In the context of large experimental facilities such as the Large Hadron Collider at CERN, Matthew Strassler and Jesse Thaler argue in their Correspondence that sharing of the large datasets is imperative for science, as otherwise researchers not formally related to the collaboration will have no access to the only data of its kind.
In contrast, the issue of sharing code seems much more complex. In his Correspondence Gergely Zaránd points out that the loss of competitive advantage that would be felt by mandated code availability would further entrench inequalities of different research groups. This is a view that should be given careful consideration. Philip Moll backs up this stance in his Correspondence by suggesting that to some degree code and experimental apparatus are analogous. Since there seems not to be a push to force experimentalists to share their machines, maybe it is unfair to expect computational physicists to do the same without an incentive.
At the other end of the spectrum, Konrad Hinsen argues in his Correspondence that closed-source software is actually antithetical to the ideals of science and should be banned. The fact that the modelling implemented by the code is hidden from the user, referees and readers of the published paper gives considerable concern for the accuracy and reproducibility of the results.
However, for those of us who wish to engage in best practice for code development and sharing, we are delighted that Radovan Bast from the CodeRefinery project has written a Comment outlining some guidance on how to achieve this.
One crucial point that we think is worth reinforcing is that the specific action to be taken on these issues depends on the motivation. For example, enabling other researchers to use datain their own work to push knowledge forward more quickly requires different data to be shared than if the motivation is to combat scientific fraud or to enhance reproducibility. Perhaps part of the issue in the debate thus far is that the link between the motivation for open science and the practical implementation of it has not been made sufficiently strongly.

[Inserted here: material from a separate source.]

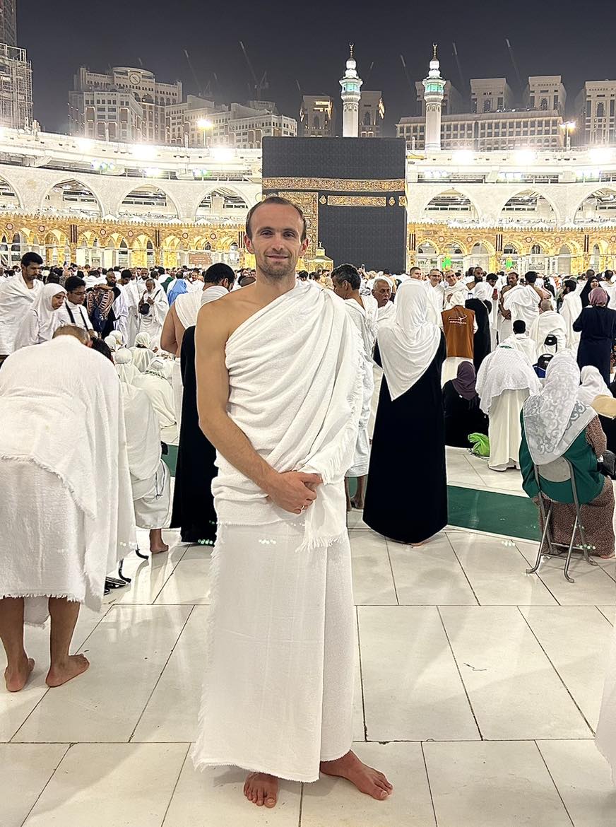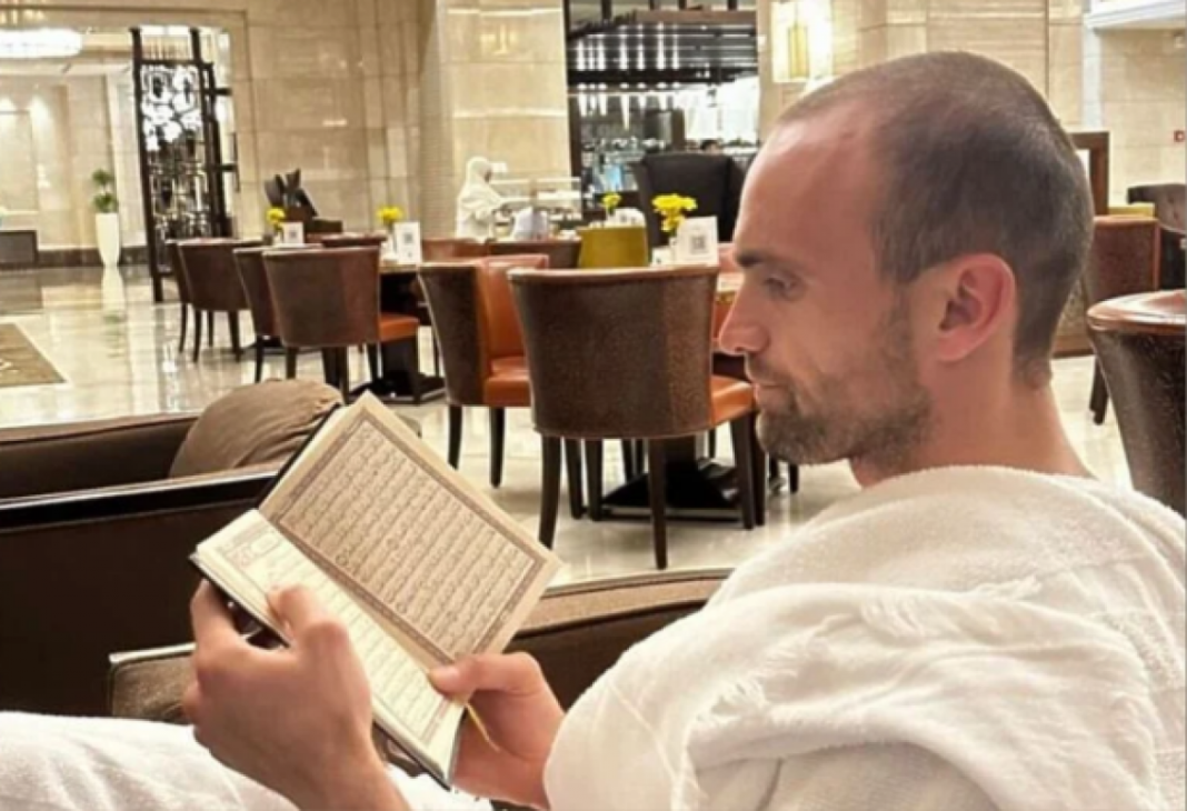 Njegova supruga Amina objavila je na Instagramu story na kojem naš bh. atletičar u ihramu (bijeloj odjeći specifičnoj za obrede Umre i hadždža) uči Kur’an u Mekki, a on je isti taj story repostao na svom storyju.

As a journal, it is crucial for us to reflect on these responses and put into place systems and procedures that encourage and complement the consensus of the research community. Based on this feedback, it is clear to us that some movement on sharing of data is necessary.
From now on, we will strongly encourage the authors of papers that we publish to upload the data that go into the final version of the plots as additional files. For example, if a subfigure contains a line graph with four lines, we would like the values of the data points of those four lines (and their error bars) to be available. Or, if a subfigure contains a two-dimensional colour plot, we would like the data file that contains the x and y coordinates and colour value to be shared.
The motivation for this is simple: although it is common practice for published data to be shared informally if someone asks the authors directly, we feel that having these data easily available on our website speeds this process up substantially and reduces the potential for misunderstanding.
One thing that we wish to stress is that we will not force authors to do this if they do not want to: sharing of these data is not going to be mandated in the foreseeable future. Also, we are also not asking for large files of raw data or the intermediate steps of semi-processed data. Imaging data or conceptual sketches are also not included. In this regard, our current Data Availability policy (https://go.nature.com/2M3FT3z) remains unchanged.
Most importantly, we hope that this will be seen as a marker for researchers that we believe sharing data to be a fundamentally good idea. This is an easy and practical step that we can take to help the community move down this path. Hopefully, this will begin to normalize the idea of sharing data in subfields that currently do not think about it much, and be a practical help to researchers at the same time.